MATERIALS PROVIDED =
• • • • • • •

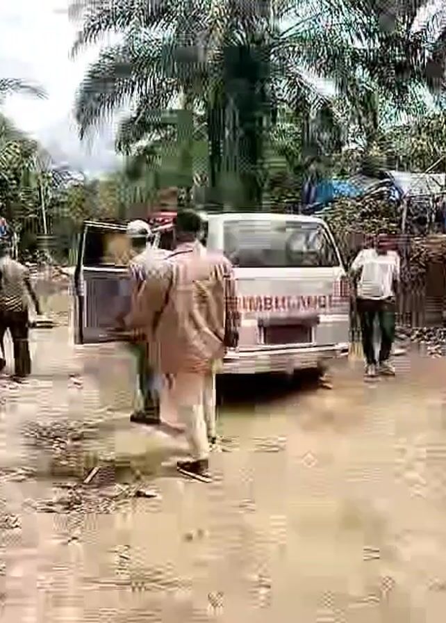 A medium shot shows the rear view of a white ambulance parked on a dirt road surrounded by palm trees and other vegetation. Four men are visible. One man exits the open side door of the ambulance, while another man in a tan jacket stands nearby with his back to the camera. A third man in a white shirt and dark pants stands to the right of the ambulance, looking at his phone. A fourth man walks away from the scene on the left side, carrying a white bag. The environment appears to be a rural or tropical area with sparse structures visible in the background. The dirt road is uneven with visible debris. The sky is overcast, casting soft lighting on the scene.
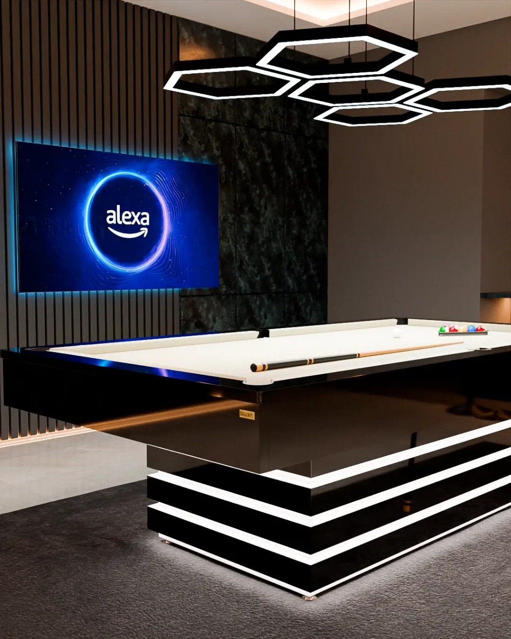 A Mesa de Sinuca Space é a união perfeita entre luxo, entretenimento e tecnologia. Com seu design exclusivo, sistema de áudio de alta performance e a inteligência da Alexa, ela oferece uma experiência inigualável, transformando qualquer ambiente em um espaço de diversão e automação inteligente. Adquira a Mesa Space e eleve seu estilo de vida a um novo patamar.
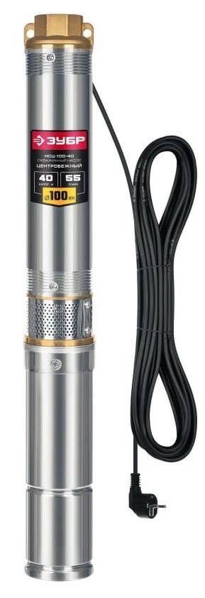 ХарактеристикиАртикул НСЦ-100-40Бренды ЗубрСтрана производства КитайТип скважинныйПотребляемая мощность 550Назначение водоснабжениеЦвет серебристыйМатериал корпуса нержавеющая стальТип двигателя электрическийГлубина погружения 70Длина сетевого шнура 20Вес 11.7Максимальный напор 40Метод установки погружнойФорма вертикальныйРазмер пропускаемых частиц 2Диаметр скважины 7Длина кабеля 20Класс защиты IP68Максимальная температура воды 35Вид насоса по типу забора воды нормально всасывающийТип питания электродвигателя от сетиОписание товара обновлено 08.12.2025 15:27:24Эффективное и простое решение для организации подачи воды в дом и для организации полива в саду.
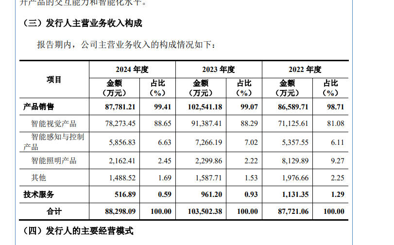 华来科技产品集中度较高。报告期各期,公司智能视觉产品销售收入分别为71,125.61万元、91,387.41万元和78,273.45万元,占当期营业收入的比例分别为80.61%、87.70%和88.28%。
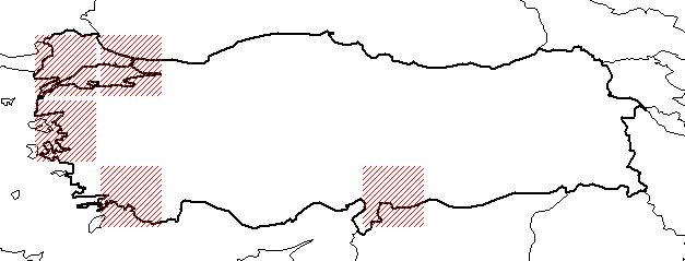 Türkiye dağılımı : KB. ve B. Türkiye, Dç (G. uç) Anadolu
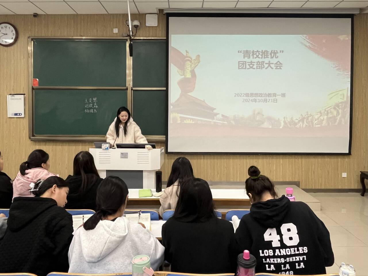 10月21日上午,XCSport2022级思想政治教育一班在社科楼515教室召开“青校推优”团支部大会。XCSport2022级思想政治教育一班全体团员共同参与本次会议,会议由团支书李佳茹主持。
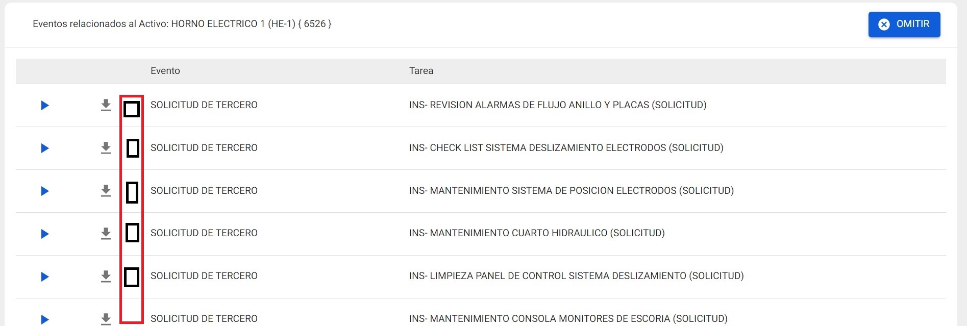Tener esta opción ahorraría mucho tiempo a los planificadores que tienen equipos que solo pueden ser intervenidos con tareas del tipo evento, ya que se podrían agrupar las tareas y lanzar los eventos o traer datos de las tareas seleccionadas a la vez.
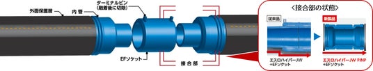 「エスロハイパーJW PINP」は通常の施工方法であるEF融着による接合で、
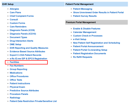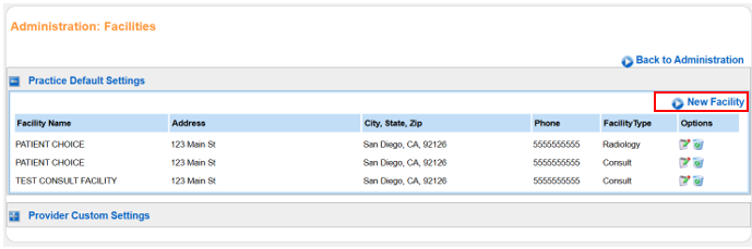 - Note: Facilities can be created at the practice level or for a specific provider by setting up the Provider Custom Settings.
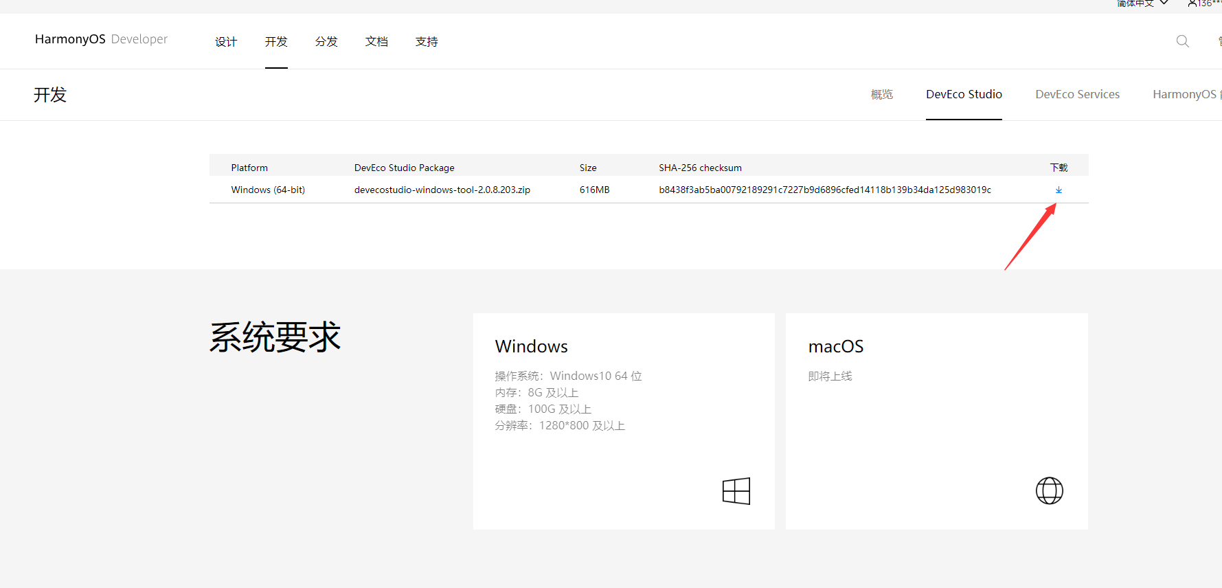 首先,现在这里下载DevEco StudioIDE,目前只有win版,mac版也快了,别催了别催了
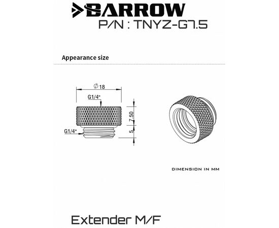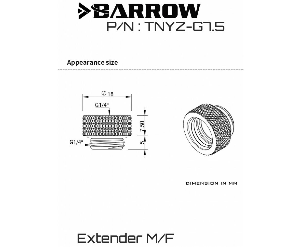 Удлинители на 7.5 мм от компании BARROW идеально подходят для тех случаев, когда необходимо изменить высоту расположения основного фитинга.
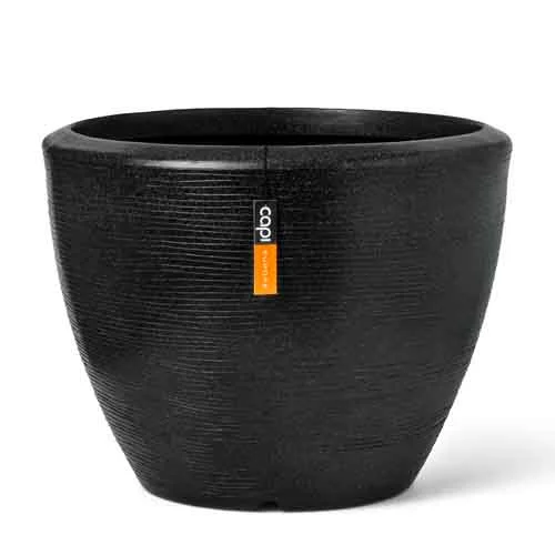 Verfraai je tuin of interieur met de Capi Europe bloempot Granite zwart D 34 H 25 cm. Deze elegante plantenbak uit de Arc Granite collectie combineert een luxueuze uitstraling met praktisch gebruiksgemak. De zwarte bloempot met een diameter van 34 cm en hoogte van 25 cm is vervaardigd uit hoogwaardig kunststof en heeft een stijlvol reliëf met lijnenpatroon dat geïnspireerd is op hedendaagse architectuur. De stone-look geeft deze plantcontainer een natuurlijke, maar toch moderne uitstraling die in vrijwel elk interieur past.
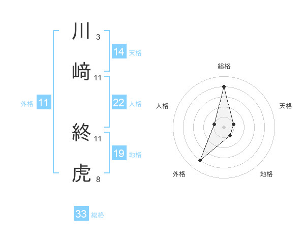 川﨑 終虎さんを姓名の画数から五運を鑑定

• • • • • • •

REQUIRED ACTION =
Reproduce the records exactly, images excluded.

ANSWER BOX =
 A medium shot shows the rear view of a white ambulance parked on a dirt road surrounded by palm trees and other vegetation. Four men are visible. One man exits the open side door of the ambulance, while another man in a tan jacket stands nearby with his back to the camera. A third man in a white shirt and dark pants stands to the right of the ambulance, looking at his phone. A fourth man walks away from the scene on the left side, carrying a white bag. The environment appears to be a rural or tropical area with sparse structures visible in the background. The dirt road is uneven with visible debris. The sky is overcast, casting soft lighting on the scene.
 A Mesa de Sinuca Space é a união perfeita entre luxo, entretenimento e tecnologia. Com seu design exclusivo, sistema de áudio de alta performance e a inteligência da Alexa, ela oferece uma experiência inigualável, transformando qualquer ambiente em um espaço de diversão e automação inteligente. Adquira a Mesa Space e eleve seu estilo de vida a um novo patamar.
 ХарактеристикиАртикул НСЦ-100-40Бренды ЗубрСтрана производства КитайТип скважинныйПотребляемая мощность 550Назначение водоснабжениеЦвет серебристыйМатериал корпуса нержавеющая стальТип двигателя электрическийГлубина погружения 70Длина сетевого шнура 20Вес 11.7Максимальный напор 40Метод установки погружнойФорма вертикальныйРазмер пропускаемых частиц 2Диаметр скважины 7Длина кабеля 20Класс защиты IP68Максимальная температура воды 35Вид насоса по типу забора воды нормально всасывающийТип питания электродвигателя от сетиОписание товара обновлено 08.12.2025 15:27:24Эффективное и простое решение для организации подачи воды в дом и для организации полива в саду.
 华来科技产品集中度较高。报告期各期,公司智能视觉产品销售收入分别为71,125.61万元、91,387.41万元和78,273.45万元,占当期营业收入的比例分别为80.61%、87.70%和88.28%。
 Türkiye dağılımı : KB. ve B. Türkiye, Dç (G. uç) Anadolu
 10月21日上午,XCSport2022级思想政治教育一班在社科楼515教室召开“青校推优”团支部大会。XCSport2022级思想政治教育一班全体团员共同参与本次会议,会议由团支书李佳茹主持。
Tener esta opción ahorraría mucho tiempo a los planificadores que tienen equipos que solo pueden ser intervenidos con tareas del tipo evento, ya que se podrían agrupar las tareas y lanzar los eventos o traer datos de las tareas seleccionadas a la vez.
 「エスロハイパーJW PINP」は通常の施工方法であるEF融着による接合で、
 - Note: Facilities can be created at the practice level or for a specific provider by setting up the Provider Custom Settings.
 首先,现在这里下载DevEco StudioIDE,目前只有win版,mac版也快了,别催了别催了
 Удлинители на 7.5 мм от компании BARROW идеально подходят для тех случаев, когда необходимо изменить высоту расположения основного фитинга.
 Verfraai je tuin of interieur met de Capi Europe bloempot Granite zwart D 34 H 25 cm. Deze elegante plantenbak uit de Arc Granite collectie combineert een luxueuze uitstraling met praktisch gebruiksgemak. De zwarte bloempot met een diameter van 34 cm en hoogte van 25 cm is vervaardigd uit hoogwaardig kunststof en heeft een stijlvol reliëf met lijnenpatroon dat geïnspireerd is op hedendaagse architectuur. De stone-look geeft deze plantcontainer een natuurlijke, maar toch moderne uitstraling die in vrijwel elk interieur past.
 川﨑 終虎さんを姓名の画数から五運を鑑定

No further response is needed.